|
SHEKHAR KAPUR:
“The first film really was about power, the second one is about absolute power and divinity, and the third one [would be about] if you’re divine and immortal all your life, what happens when you’re facing mortality? How do you, if you’ve been this great being, die – and in death you’re like everybody else. When Elizabeth realized that she was going to die she stood for 18 hours, history has said, because she thought that if she sat down that she would die, so she would not sit down. It was like her will against the will of death.”
CATE BLANCHETT:
“There’s a long and glorious legacy of actresses who have played Elizabeth I, Flora Robson, Bette Davis, Glenda Jackson, Helen Mirren, Anne-Marie Duff. She’s ripe for reinvention because she’s such an enigma. I think there will be many more Elizabeths long after this film, because I think she’s a fantastic point on which to leap off for a story.”
GEOFFREY RUSH (Sir Francis Walsingham) on convincing Blanchett to play the role again:
“I think from Cate’s point-of-view Elizabeth was a role she already played. As you can see from her repertoire since she first blazed onto the scene 10 years ago, she’s very exploratory, very unpredictable, and maybe she felt that reinventing the same character was not going to be as great a challenge as she would like. I said to her, ‘You know, even in the theatrical repertoire, as you get older the roles become less. In terms of films, it’s probably going to be even less opportune, and a great multi-dimensional character like this needs an actress of your caliber.’ And I wanted to be there on the sidelines watching her rev up those Rolls Royce engines.”

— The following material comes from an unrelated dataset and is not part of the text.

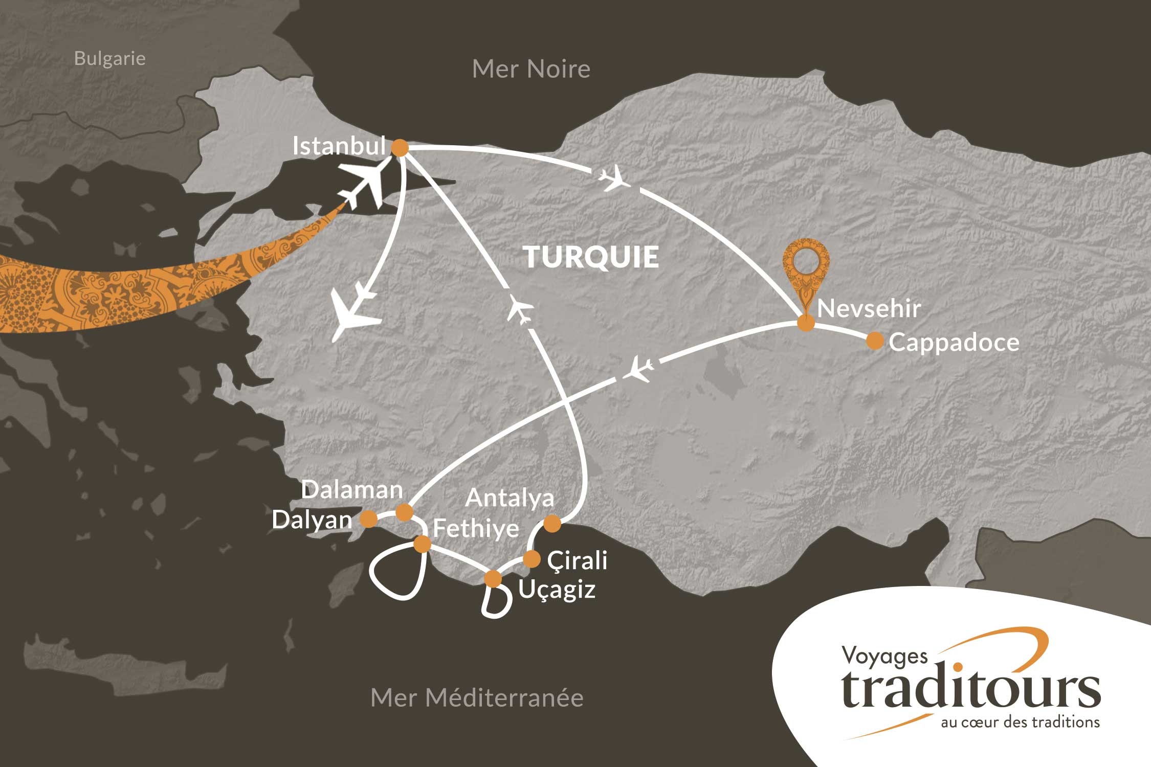 - Les 3 vols intérieurs : Istanbul / Nevsehir, Nevsehir / Dalaman et Antalya / Istanbul
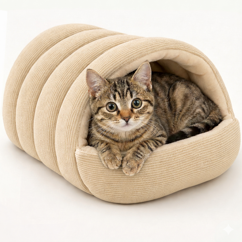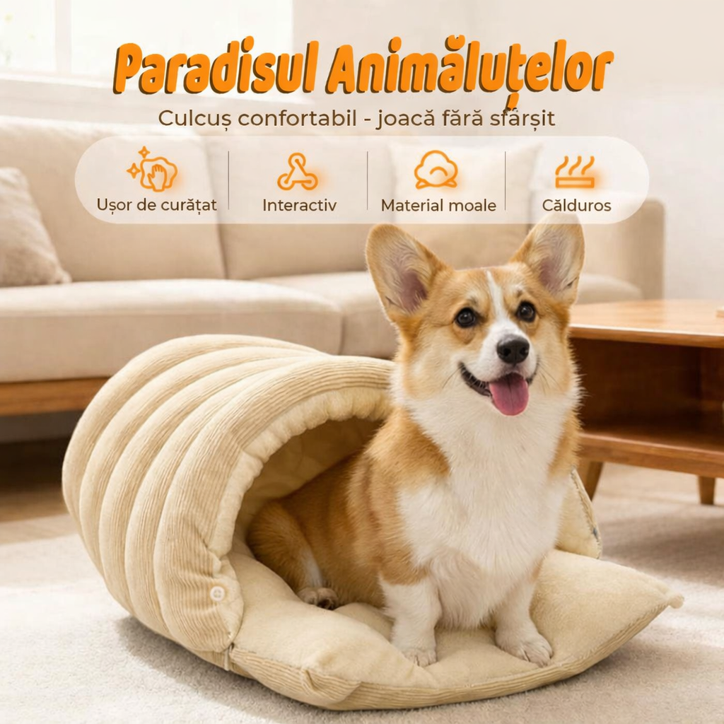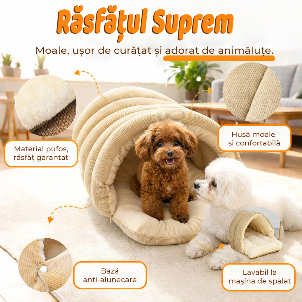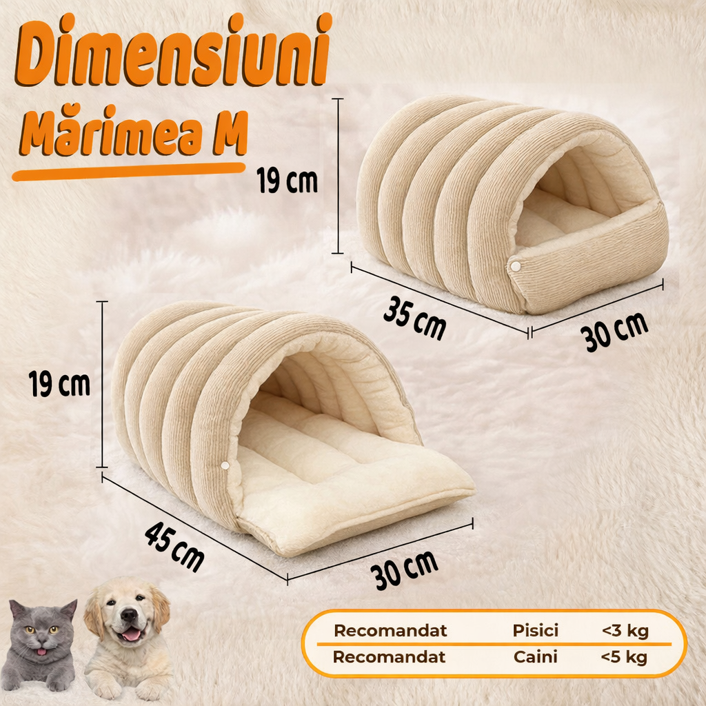 Ofera-i animalului tau de companie un spatiu propriu, sigur si extrem de confortabil cu Culcusul Fish & Paws® Tip Pestera, creat special pentru caini si pisici care iubesc sa se cuibareasca. Designul sub forma de „casuta” ofera protectie, caldura si intimitate, fiind perfect pentru zilele reci de iarna sau pentru animalutele care adora locurile moi si calduroase.

ABBIE CORNISH (Bess Throckmorton):
“Cate’s an incredible woman and an incredible actress. She’s very focused on what she does and I felt in working with her that she had this tremendous amount of work to do in relation to her own character and her own performance, but she was always aware of everyone else around her and particularly for me. I felt there was a watchful eye over my character.”
KAPUR: “Our film works on many levels, it works on a psychological, political and mythic level. I saw Elizabeth and Beth as one person, one representing the spirit side of a human being, and one representing the more sexual side; the more mortal side of a human being. They were two people rolled into one. Elizabeth was living vicariously through Beth.”
BLANCHETT: “I would have loved to have done a scene with Samantha Morton [Mary Stuart], I think she’s incredible. She’s such a dangerous, exciting, unusual, unpredictable presence on screen. I so admire her work.”